Brief: Retype word for word the stretch of entries below from the line that has "De Nicola is" through the line that has "gelaufen 1902, Albumspuren, sonst", and omit the pictures.

Supplied data:

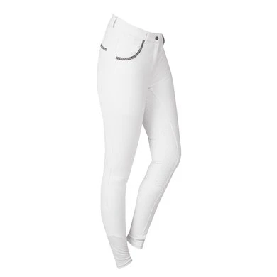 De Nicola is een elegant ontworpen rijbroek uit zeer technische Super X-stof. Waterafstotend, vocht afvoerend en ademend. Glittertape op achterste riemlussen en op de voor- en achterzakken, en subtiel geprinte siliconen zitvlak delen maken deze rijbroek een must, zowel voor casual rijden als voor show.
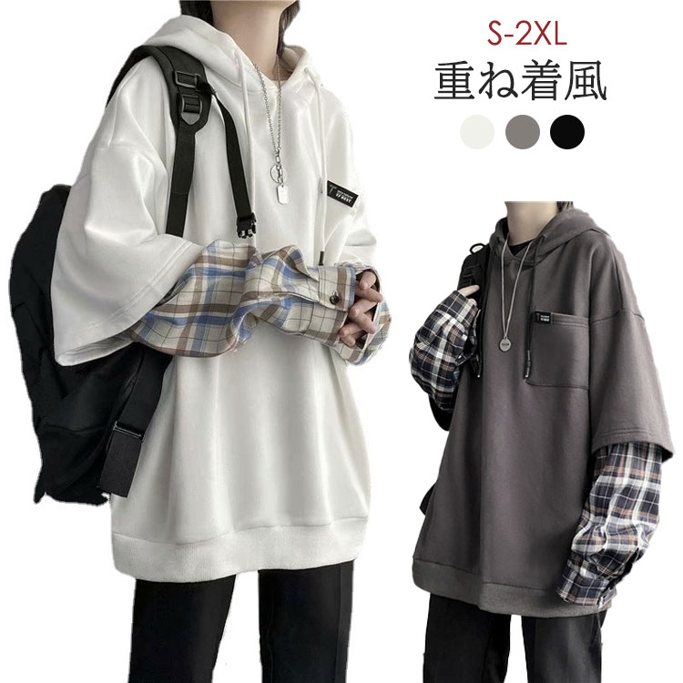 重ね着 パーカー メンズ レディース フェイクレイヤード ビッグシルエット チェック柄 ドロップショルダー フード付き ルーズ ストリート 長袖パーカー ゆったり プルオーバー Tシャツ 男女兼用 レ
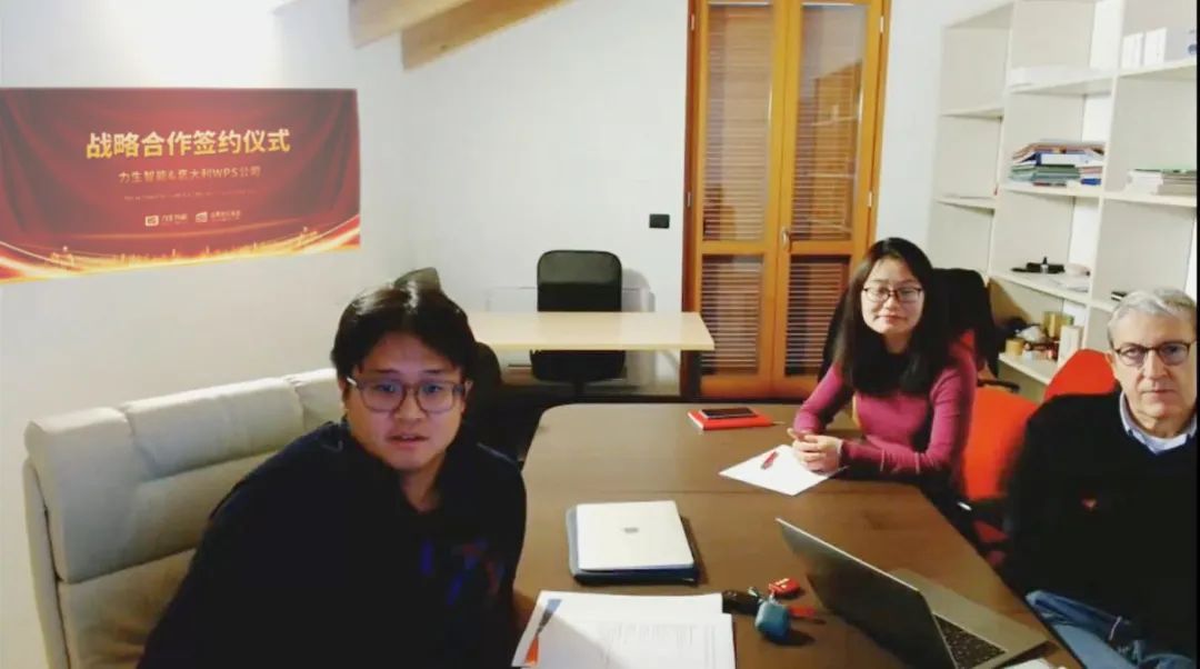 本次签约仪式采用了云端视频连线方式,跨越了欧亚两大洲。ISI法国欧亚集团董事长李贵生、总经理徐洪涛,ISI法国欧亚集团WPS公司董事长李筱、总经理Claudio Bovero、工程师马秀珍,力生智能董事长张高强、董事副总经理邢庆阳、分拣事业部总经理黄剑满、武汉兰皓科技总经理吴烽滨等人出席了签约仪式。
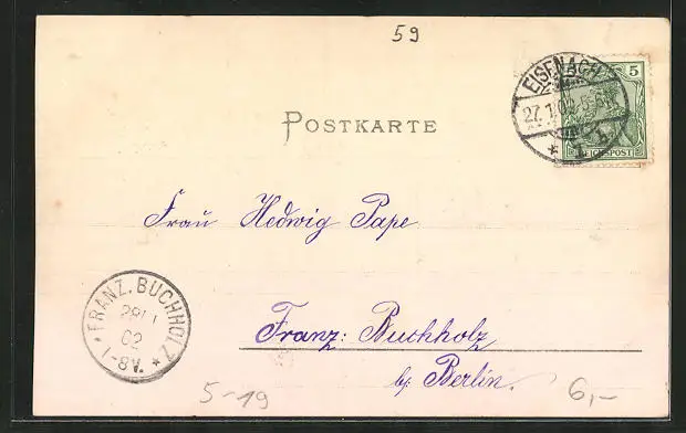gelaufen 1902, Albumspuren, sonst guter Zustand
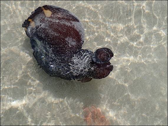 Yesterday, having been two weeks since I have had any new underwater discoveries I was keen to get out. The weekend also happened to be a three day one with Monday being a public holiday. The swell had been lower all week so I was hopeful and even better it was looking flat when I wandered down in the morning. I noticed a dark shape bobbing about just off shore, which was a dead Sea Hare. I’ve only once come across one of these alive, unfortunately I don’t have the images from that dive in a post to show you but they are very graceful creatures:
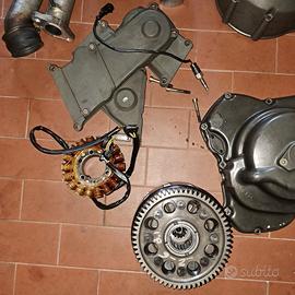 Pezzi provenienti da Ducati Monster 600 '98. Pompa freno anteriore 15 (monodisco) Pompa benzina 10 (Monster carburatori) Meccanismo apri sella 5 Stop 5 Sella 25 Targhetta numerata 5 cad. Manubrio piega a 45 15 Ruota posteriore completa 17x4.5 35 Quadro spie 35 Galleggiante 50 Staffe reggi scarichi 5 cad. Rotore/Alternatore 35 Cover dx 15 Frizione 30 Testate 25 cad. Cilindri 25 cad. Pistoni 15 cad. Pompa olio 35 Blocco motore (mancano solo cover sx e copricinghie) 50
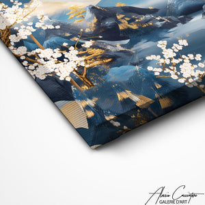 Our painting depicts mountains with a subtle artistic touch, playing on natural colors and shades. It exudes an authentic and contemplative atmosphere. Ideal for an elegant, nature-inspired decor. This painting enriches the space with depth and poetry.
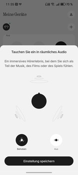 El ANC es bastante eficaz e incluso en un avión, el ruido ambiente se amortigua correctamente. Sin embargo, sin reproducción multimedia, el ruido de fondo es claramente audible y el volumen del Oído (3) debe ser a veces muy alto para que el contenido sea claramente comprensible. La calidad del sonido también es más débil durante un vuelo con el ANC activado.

* * *

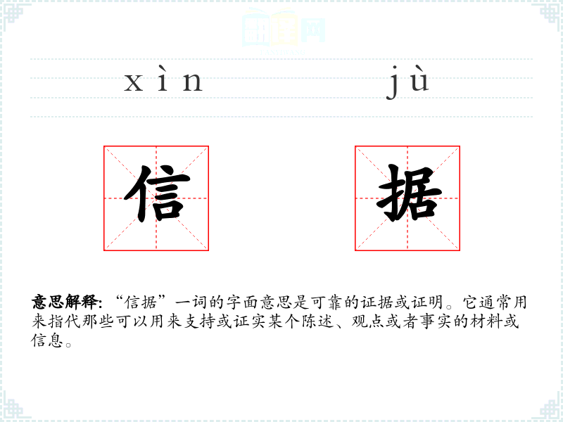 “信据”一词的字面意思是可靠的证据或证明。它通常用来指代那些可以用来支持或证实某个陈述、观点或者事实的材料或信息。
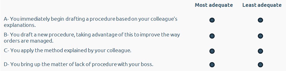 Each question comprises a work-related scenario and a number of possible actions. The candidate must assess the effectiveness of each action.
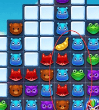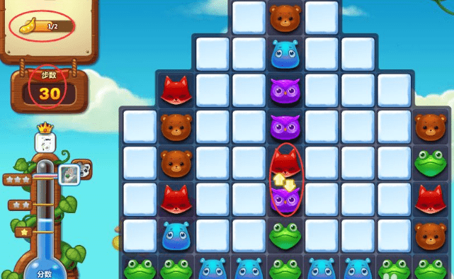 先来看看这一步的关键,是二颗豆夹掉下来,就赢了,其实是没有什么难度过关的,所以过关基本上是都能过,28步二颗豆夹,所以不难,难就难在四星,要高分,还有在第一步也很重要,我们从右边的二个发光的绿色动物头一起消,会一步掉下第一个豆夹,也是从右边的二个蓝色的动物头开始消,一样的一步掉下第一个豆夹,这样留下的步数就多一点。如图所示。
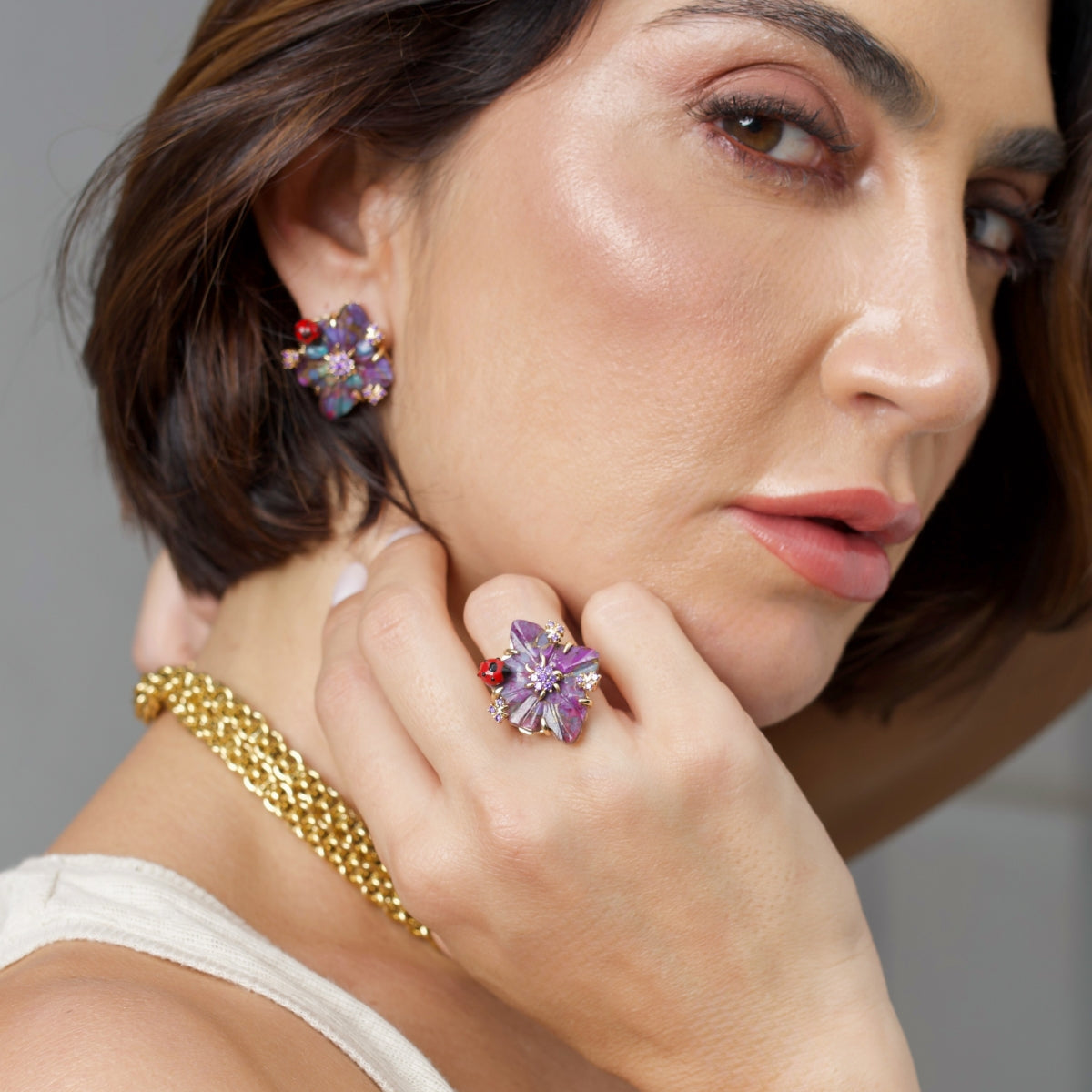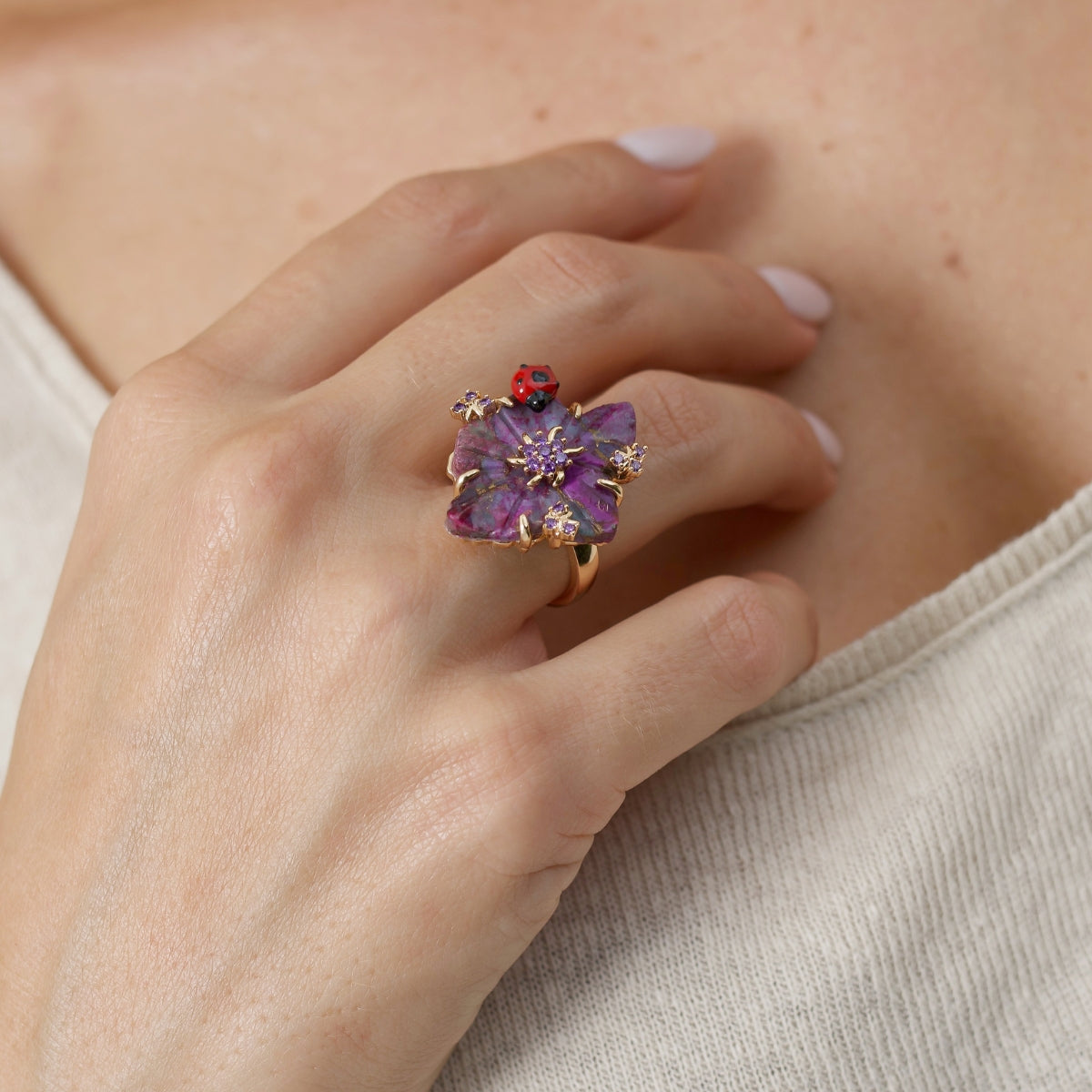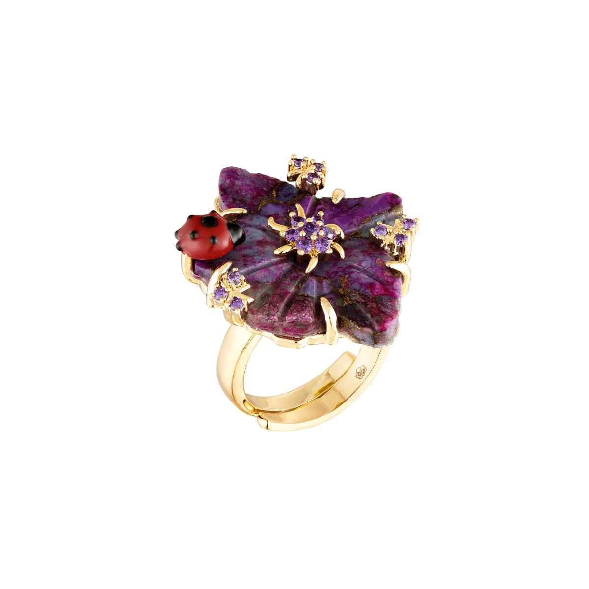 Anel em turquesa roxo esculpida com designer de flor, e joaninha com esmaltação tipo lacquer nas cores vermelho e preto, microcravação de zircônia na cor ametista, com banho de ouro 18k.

Answer for the task:
 De Nicola is een elegant ontworpen rijbroek uit zeer technische Super X-stof. Waterafstotend, vocht afvoerend en ademend. Glittertape op achterste riemlussen en op de voor- en achterzakken, en subtiel geprinte siliconen zitvlak delen maken deze rijbroek een must, zowel voor casual rijden als voor show.
 重ね着 パーカー メンズ レディース フェイクレイヤード ビッグシルエット チェック柄 ドロップショルダー フード付き ルーズ ストリート 長袖パーカー ゆったり プルオーバー Tシャツ 男女兼用 レ
 本次签约仪式采用了云端视频连线方式,跨越了欧亚两大洲。ISI法国欧亚集团董事长李贵生、总经理徐洪涛,ISI法国欧亚集团WPS公司董事长李筱、总经理Claudio Bovero、工程师马秀珍,力生智能董事长张高强、董事副总经理邢庆阳、分拣事业部总经理黄剑满、武汉兰皓科技总经理吴烽滨等人出席了签约仪式。
gelaufen 1902, Albumspuren, sonst guter Zustand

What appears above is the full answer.